Data are presented as the number of patients (%)

aMore than one reason for discontinuation could be provided and these classes are thus not mutually exclusive

bThese were azathioprine (N = 5) and cyclophosphamide (N = 25), neither of which are approved for use in MS

Following discontinuation of GA, 231 patients were moved to another disease-modifying treatment, principally an interferon-β or natalizumab. In the remaining 226 patients, no further disease-modifying treatment was documented (Table 2). Patients switched to natalizumab principally did so for inadequate efficacy (72/81 switches). Patients switching to another treatment for tolerability reasons most frequently switched to an interferon-β (53/68 switchers for tolerability). In 38 patients, GA was discontinued for inadequate efficacy but no next-line treatment was documented.
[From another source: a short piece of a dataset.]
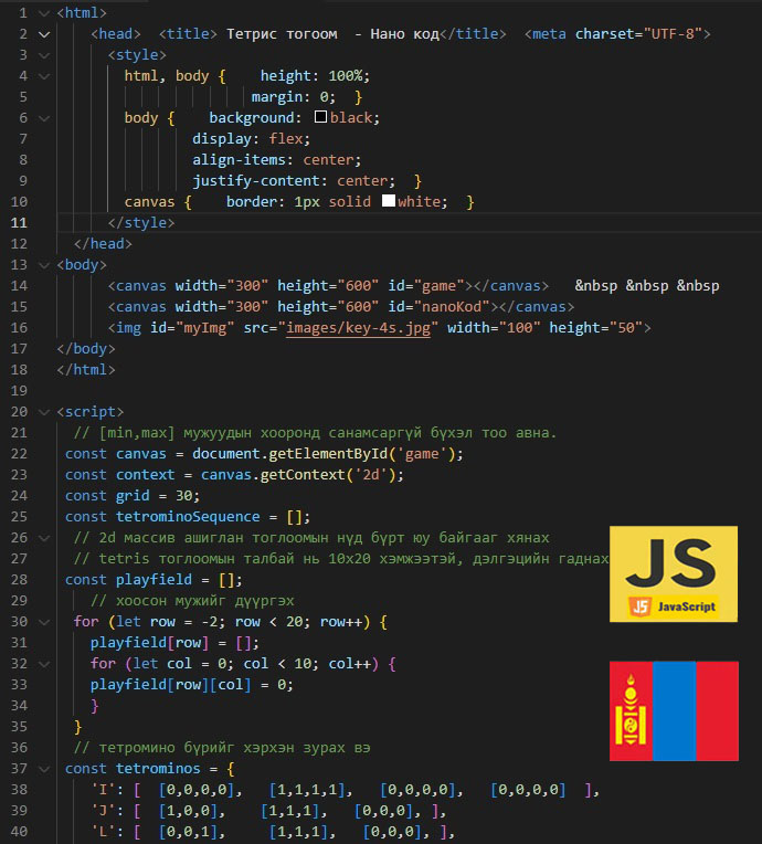 * Code file name: js-tetris-nano5.php /source code copy, past , save / / START +R -> Visual studio code -> ENTER/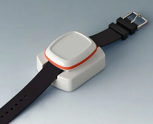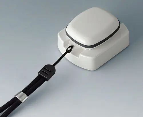 Socle de fixation pour circuit imprimé dans la partie supérieure ; après assemblage du boitier, le circuit imprimé tient tout seul entre les parties supérieure et inférieure. Alimentation interne par pile ronde ou pile bouton sur le circuit imprimé ou, en alternative, utilisation d’une pile rechargeable avec bobine permettant un chargement par induction de l’appareil.

In univariate analysis, seven variables were significantly (p < 0.05) associated with persistence with GA treatment, namely older age when GA treatment was started (p = 0.009), being in employment (p < 0.001), older age at diagnosis (p = 0.007), monofocal presentation at disease onset (p = 0.014), a history of < 5 previous exacerbations (p < 0.001), lower EDSS score at inclusion (p < 0.001) and no previous treatment for MS (p < 0.001). Two other variables were identified at the 0.20 probability threshold, namely not living alone (p = 0.10) and optic neuritis as first symptom (p = 0.098). All these variables were entered into a multivariate Cox proportional hazard model which identified age, employment status, EDSS score at inclusion and the number of previous exacerbations as being independently associated with treatment persistence (Fig. 3a).

Fig. 3

Patient variables independently associated with treatment persistence (a; N = 715) and with clinical response (b; N = 661) in patients treated with glatiramer acetate. Data are presented as hazard ratios or odds ratios with their 95% confidence intervals

Exacerbations

Over the entire follow-up period, the annualised exacerbation rate was 0.41 [95% CI 0.39–0.44] exacerbations/year. This rate decreased progressively from 0.64 [0.59–0.70] exacerbations/year in the first year after initiation of GA to 0.28 [0.24–0.32] exacerbations/year during the fifth year (Fig. 4). Overall, 316 (37.2%) of the patients never presented an exacerbation during the entire follow-up period, whereas 80 patients (9.4%) presented five or more exacerbations. For the 269 patients continuously treated with GA for 5 years, 127 (47.5%; missing data: 10) remained exacerbation-free throughout. In patients who discontinued GA, the on-treatment annualised exacerbation rate was higher and the proportion of patients without exacerbations lower than in patients who continued GA treatment throughout the observation period (p < 0.0001; Table 3).

Fig. 4

Annualised exacerbation rate over the course of the study

Table 3

Clinical outcomes in patients who were treated with GA continuously and in those who discontinued GA treatment

Population	Patients taking GA continuously	Patients discontinuing GA	Patients taking GA continuously	Patients discontinuing GA
Follow-up period	Until last FU visit	Until last FU	At 5 years	At 5 years
	N = 395	N = 457	N = 269	N = 325
Annualised exacerbation rate (mean [95% CI])	0.28 [0.23; 0.33]	0.63 [0.56; 0.71]a	0.23 [0.19; 0.26]	0.51 [0.46; 0.56]a
Exacerbation-free throughout the follow-up period (% [95% CI])	201 (50.9%)[46.0%; 55.8%]	118 (25.8%)a[21.8%; 29.8%]	127 (47.2%)[41.2%; 53.2%]	64 (19.7%)a[15.4%; 24.0%]
Evolution of EDSS score (mean [95% CI])b	0.26 [0.14; 0.39]	0.78 [0.63; 0.93]a	0.24 [0.09; 0.40]	0.80 [0.62; 0.97]a
Patients with no EDSS evolution (% [95% CI])b	163/322 (50.6%)[45.2%; 56.1%]	128/387 (33.1%)a[28.4%; 37.8%]	109/226 (48.2%)[41.7%; 54.7%]	79/281 (28.1%)a[22.9%; 33.4%]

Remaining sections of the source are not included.